Information provided Start Marker

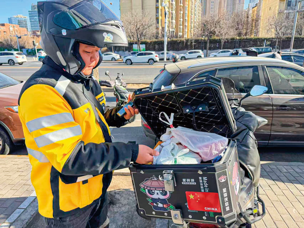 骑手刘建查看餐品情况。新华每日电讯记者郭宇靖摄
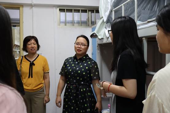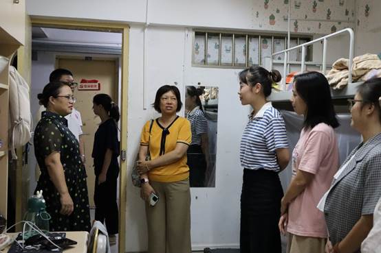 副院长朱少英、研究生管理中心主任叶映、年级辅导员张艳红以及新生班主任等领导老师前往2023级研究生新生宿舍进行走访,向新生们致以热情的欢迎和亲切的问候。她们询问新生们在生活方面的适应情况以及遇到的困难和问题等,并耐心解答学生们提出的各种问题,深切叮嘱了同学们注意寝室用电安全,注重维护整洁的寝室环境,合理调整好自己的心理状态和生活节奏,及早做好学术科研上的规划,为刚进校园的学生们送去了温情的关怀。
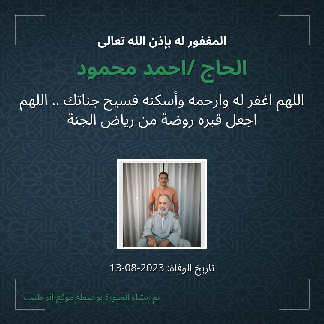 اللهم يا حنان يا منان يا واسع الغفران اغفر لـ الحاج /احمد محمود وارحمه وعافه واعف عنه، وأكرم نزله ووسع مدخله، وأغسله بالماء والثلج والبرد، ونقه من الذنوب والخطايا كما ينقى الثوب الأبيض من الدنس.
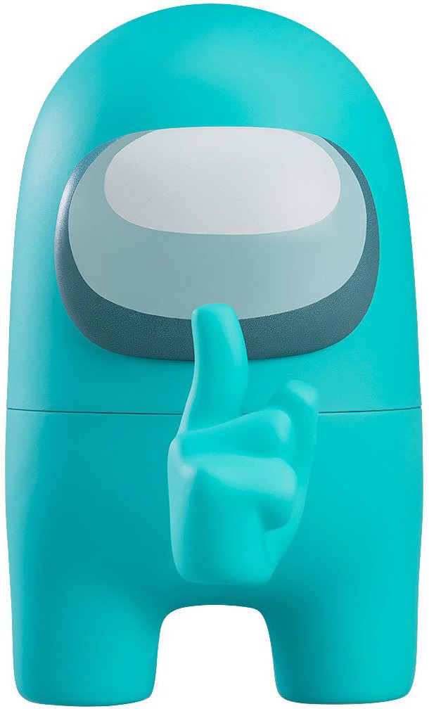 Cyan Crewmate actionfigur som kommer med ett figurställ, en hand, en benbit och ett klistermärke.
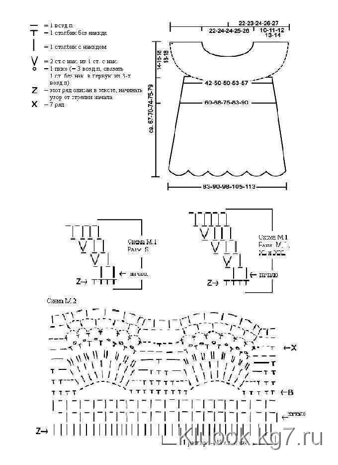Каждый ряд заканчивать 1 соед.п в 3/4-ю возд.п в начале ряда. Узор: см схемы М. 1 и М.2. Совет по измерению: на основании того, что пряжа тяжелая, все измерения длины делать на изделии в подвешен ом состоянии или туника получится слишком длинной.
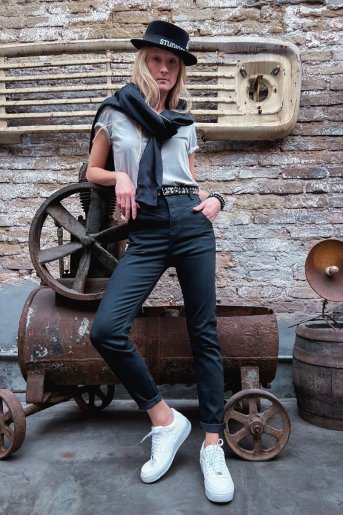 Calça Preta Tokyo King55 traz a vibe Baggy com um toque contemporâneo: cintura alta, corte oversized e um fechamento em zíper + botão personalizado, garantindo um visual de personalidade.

Information provided End Marker

Within the material above, find the part that opens with the line containing "Cyan Crewmate actionfigur" and closes with the line containing "Каждый ряд заканчивать", and reproduce it exactly without the pictures.

Output of the task:
 Cyan Crewmate actionfigur som kommer med ett figurställ, en hand, en benbit och ett klistermärke.
Каждый ряд заканчивать 1 соед.п в 3/4-ю возд.п в начале ряда. Узор: см схемы М. 1 и М.2. Совет по измерению: на основании того, что пряжа тяжелая, все измерения длины делать на изделии в подвешен ом состоянии или туника получится слишком длинной.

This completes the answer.